** YOUR TASK **
With both ends included, repeat exactly the lines of the entries below from the one containing "Thankfully, fiberglass doesn’t" down to the one containing "Na scenie znalazło", and no others.

** DATA LISTING **

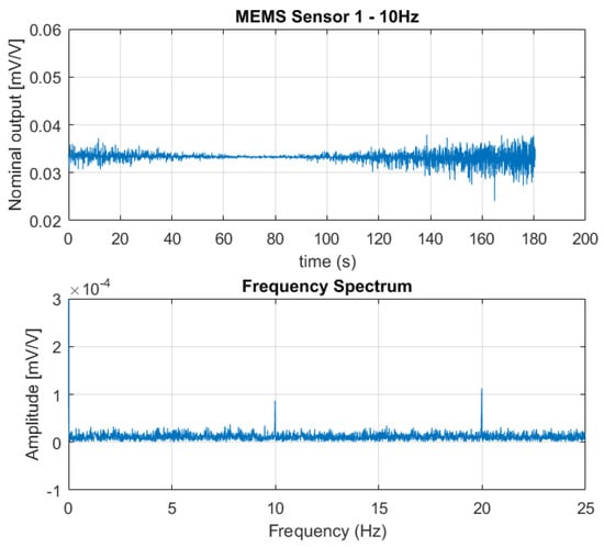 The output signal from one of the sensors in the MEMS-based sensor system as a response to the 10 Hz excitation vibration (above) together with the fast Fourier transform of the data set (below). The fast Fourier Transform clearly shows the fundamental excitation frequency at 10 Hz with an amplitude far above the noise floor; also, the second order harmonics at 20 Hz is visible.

--

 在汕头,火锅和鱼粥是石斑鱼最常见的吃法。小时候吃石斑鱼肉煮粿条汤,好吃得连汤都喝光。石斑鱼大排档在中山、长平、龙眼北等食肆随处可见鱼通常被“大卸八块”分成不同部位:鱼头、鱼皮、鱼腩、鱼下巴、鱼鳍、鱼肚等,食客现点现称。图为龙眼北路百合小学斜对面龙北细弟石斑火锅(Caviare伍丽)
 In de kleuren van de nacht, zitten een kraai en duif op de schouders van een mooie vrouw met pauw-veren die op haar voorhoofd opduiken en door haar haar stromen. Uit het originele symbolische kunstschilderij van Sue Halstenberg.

* * *

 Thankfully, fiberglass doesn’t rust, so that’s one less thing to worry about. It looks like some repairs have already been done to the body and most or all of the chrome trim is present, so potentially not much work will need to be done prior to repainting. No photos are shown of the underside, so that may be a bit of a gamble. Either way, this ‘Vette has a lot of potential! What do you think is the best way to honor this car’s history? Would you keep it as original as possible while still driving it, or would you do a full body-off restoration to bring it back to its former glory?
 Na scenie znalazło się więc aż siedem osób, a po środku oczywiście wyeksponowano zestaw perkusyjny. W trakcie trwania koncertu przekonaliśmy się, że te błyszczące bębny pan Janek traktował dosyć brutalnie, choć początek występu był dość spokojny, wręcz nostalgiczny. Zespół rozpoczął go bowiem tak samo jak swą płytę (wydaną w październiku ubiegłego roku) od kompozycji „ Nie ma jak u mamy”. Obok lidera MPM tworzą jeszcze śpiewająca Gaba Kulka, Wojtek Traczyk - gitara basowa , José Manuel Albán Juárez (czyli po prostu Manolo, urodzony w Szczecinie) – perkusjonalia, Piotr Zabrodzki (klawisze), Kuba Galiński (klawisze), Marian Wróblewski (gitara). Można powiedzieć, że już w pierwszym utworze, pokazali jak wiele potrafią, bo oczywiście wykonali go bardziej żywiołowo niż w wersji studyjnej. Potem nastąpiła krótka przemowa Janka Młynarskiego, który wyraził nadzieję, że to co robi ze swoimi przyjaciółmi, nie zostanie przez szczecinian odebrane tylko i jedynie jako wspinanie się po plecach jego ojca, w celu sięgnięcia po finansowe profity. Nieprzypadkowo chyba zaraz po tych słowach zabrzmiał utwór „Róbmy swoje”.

** EXERCISE RESPONSE **
 Thankfully, fiberglass doesn’t rust, so that’s one less thing to worry about. It looks like some repairs have already been done to the body and most or all of the chrome trim is present, so potentially not much work will need to be done prior to repainting. No photos are shown of the underside, so that may be a bit of a gamble. Either way, this ‘Vette has a lot of potential! What do you think is the best way to honor this car’s history? Would you keep it as original as possible while still driving it, or would you do a full body-off restoration to bring it back to its former glory?
 Na scenie znalazło się więc aż siedem osób, a po środku oczywiście wyeksponowano zestaw perkusyjny. W trakcie trwania koncertu przekonaliśmy się, że te błyszczące bębny pan Janek traktował dosyć brutalnie, choć początek występu był dość spokojny, wręcz nostalgiczny. Zespół rozpoczął go bowiem tak samo jak swą płytę (wydaną w październiku ubiegłego roku) od kompozycji „ Nie ma jak u mamy”. Obok lidera MPM tworzą jeszcze śpiewająca Gaba Kulka, Wojtek Traczyk - gitara basowa , José Manuel Albán Juárez (czyli po prostu Manolo, urodzony w Szczecinie) – perkusjonalia, Piotr Zabrodzki (klawisze), Kuba Galiński (klawisze), Marian Wróblewski (gitara). Można powiedzieć, że już w pierwszym utworze, pokazali jak wiele potrafią, bo oczywiście wykonali go bardziej żywiołowo niż w wersji studyjnej. Potem nastąpiła krótka przemowa Janka Młynarskiego, który wyraził nadzieję, że to co robi ze swoimi przyjaciółmi, nie zostanie przez szczecinian odebrane tylko i jedynie jako wspinanie się po plecach jego ojca, w celu sięgnięcia po finansowe profity. Nieprzypadkowo chyba zaraz po tych słowach zabrzmiał utwór „Róbmy swoje”.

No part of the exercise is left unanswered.